Download the YouTube-8M dataset (frame-level features) into the dbs folder.

License and Citation

The code is provided for academic, non-commercial use only. Please also check for any restrictions applied in the code parts used here from other sources (e.g. provided datasets, YouTube-8M Tensorflow Starter Code, etc.). If you find the code useful in your work, please cite the following publication where this approach is described:

Bibtex:

@INPROCEEDINGS{ISSGM_ISM2020,
               AUTHOR    = "N. Gkalelis and V. Mezaris",
               TITLE     = "Structured Pruning of LSTMs via Eigenanalysis and Geometric Median for Mobile Multimedia and Deep Learning Applications",
               BOOKTITLE = "Proc. IEEE Int. Symposium on Multimedia (ISM)",
               ADDRESS   = "Naples, Italy",
               PAGES     = "",
               MONTH     = "Dec.",
               YEAR      = "2020"
}

Acknowledgements

This work was supported by the EU Horizon 2020 research and innovation programme under grant agreement H2020-780656 ReTV.

References

[1] K. Ota, M. S. Dao, V. Mezaris et al., “Deep learning for mobile multimedia: A survey,” ACM Trans. Mutlimedia Comput., Commun. and Appl., vol. 13, no. 3s, pp. 34:1–34:22, Jun. 2017.

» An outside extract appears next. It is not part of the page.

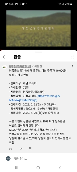 [충청뉴스큐] 충북 영동군은 지역 농업인과의 온라인 소통방인 영동군농업기술센터 유튜브 채널 구독자 수 1만명을 달성해 감사 이벤트를 진행한다고 밝혔다.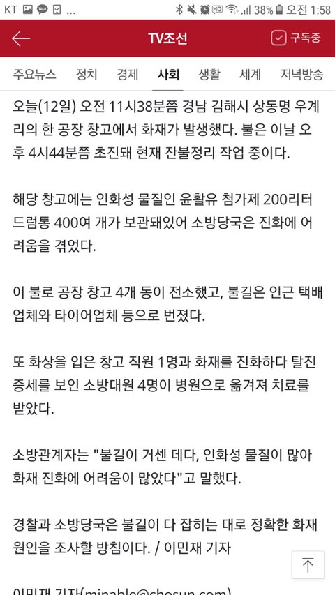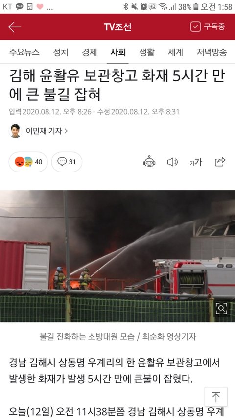 김해에 윤활유 공장에 불이 나서 유독가스들이 경남권에 바람타고 옮겨졌어. 딱 정확히 양산으로 바람을 타고 와서 유독가스가 아파트 창문으로 들어와서 사람들 다 병 걸린 것 처럼 거의 다 숨을 못 쉬고 있대. 나도 지금 속이 너무 메쓰꺼워.

[2] X. Suau, U. Zappella, and N. Apostoloff, “Filter distillation for network compression,” in IEEE WACV, Snowmass Village, CO, USA, Mar. 2020, pp. 3129–3138.

[3] Y. He, P. Liu, Z. Wang et al., “Filter pruning via Geometric median for deep convolutional neural networks acceleration,” in IEEE CVPR, Long Beach, CA, USA, Jun. 2019.

[4] N. Gkalelis and V. Mezaris, “Fractional step discriminant pruning: A filter pruning framework for deep convolutional neural networks,” in IEEE ICMEW, London, UK, Jul. 2020, pp. 1–6.

[5] W. Wen, Y. Chen, H. Li et al., “Learning intrinsic sparse structures within long short-term memory,” in ICLR, Vancouver, BC, Canada, Apr-May 2018.

[6] L. Wen, X. Zhang, H. Bai, and Z. Xu, “Structured pruning of recurrent neural networks through neuron selection,” Neural Networks, vol. 123, pp. 134–141, Mar. 2020.

[7] H. Xu, C. Caramanis, and S. Mannor, “Sparse algorithms are not stable: A no-free-lunch theorem,” IEEE Trans. Pattern Anal. Mach. Intell., vol. 34, no. 1, pp. 187–193, Jan. 2012.